Be careful on spanning drives, as first, they must be dynamic, and second (and more important) a loss of a piece of a spanned drive destroys the data on the entire spanned area. In other words, a spanned drive, while it gives you a bigger drive space, also has a higher disaster cost! Note also, that you cannot extend a system volume (C: in this case) or a boot volume (also C: in this case), so spaning the drive is not an option for your problem (C: is out of space).
Microsoft does not allow you to play games with the system and boot partitions, although some third part applications will actually do it successfully. While you can install the OS in a volume created on a raid array, I do not believe (Not totally positive on this) you are even allowed to install the OS onto a spanned volume, it has to be on a volume on a single (virtual in the RAID ARRAY case) drive.

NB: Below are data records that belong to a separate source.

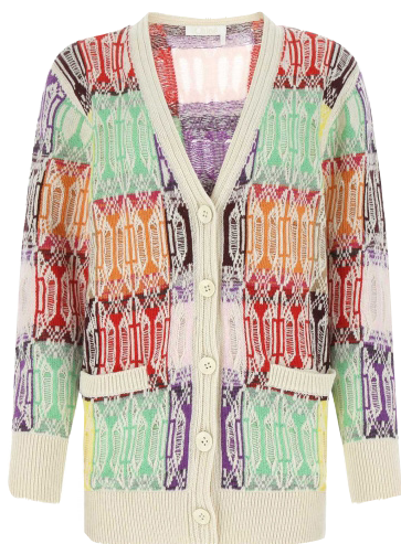
Chloe at Lampoo Oversized Cardigan £1,050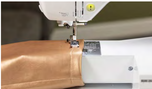
Free arm sewing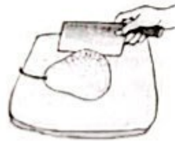
80. be careful to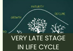
VERY LATE STAGE IN LIFE CYCLE

Win 2000 looks at a RAID ARRAY (hardware version) as a single drive, which is also why you can mirror two RAID 5 drive configurations, regardless of how many drive physically constitute the arrays.
What it all boils down to is that good planning must go into the original setup of the system. Everything you are trying to do here is just stop gap, it does not fix the real problem (that the system was not designed correctly), especially since it is also an Exchange server. Your disaster is just waiting to happen.

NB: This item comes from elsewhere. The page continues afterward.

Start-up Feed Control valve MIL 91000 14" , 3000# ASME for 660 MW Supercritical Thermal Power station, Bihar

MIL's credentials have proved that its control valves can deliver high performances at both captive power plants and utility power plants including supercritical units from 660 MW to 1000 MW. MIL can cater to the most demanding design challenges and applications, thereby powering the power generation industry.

By the way, many applications that do not show up in the add/remove applications actually have an uninstall program installed in the directory where they were originally installed (look under the start programs, and see if the applicaion lists an uninstall there).

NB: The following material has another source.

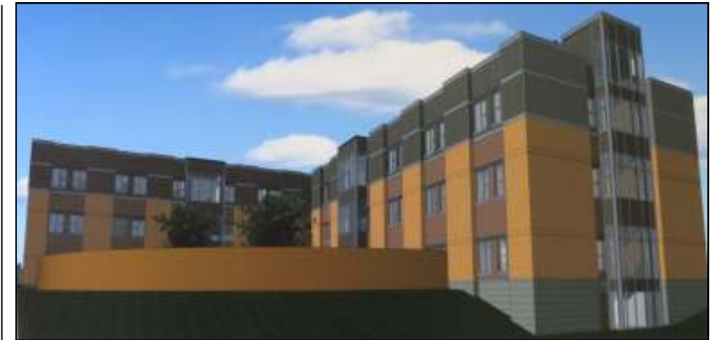
Architect's rendering of proposed LEDU third-floor addition.

In addition, just because programs show up under the program files directory, it does not mean they are actually installed (Front Page is one of these), it is just a place holder, especially for Microsoft programs. Check to see if there are content files actually installed on the drive.
I highly agree with all the comments with re-doing your system. I would NEVER build a DC + Exchange on a system that was not a RAID 5 (or at very least a MIRROR SETUP) for both the OS and the EXCHANGE portions. These are two very critical systems, and need the best redundancy available. Also, as I stated before, DO NOT PUT the EXCHANGE database on the same partition/volume/drive space as the OS, and do not use the Exchange computer for other functions like DNS, DHCP, etc., as you will suffer a performance hit.
While Exchange 2000 wants to be on a DC with the AD, I would not want this to be the only DC in the system either, if at all possible. (Note, with the cost of simple systems today, building a simple second DC, single processor, no raid, etc., is dirt cheap when compared to the cost of the disaster when the company stops functioning because the only DC is down and no one can work. Use a desktop if all it is doing is providing the survival capability, (total cost maybe $2000?).
Remember, COST CUTTING AND POOR PLANNING = MASSIVE PROBLEMS AND MASSSIVE COSTS LATER! (Pay me now, or pay me later!)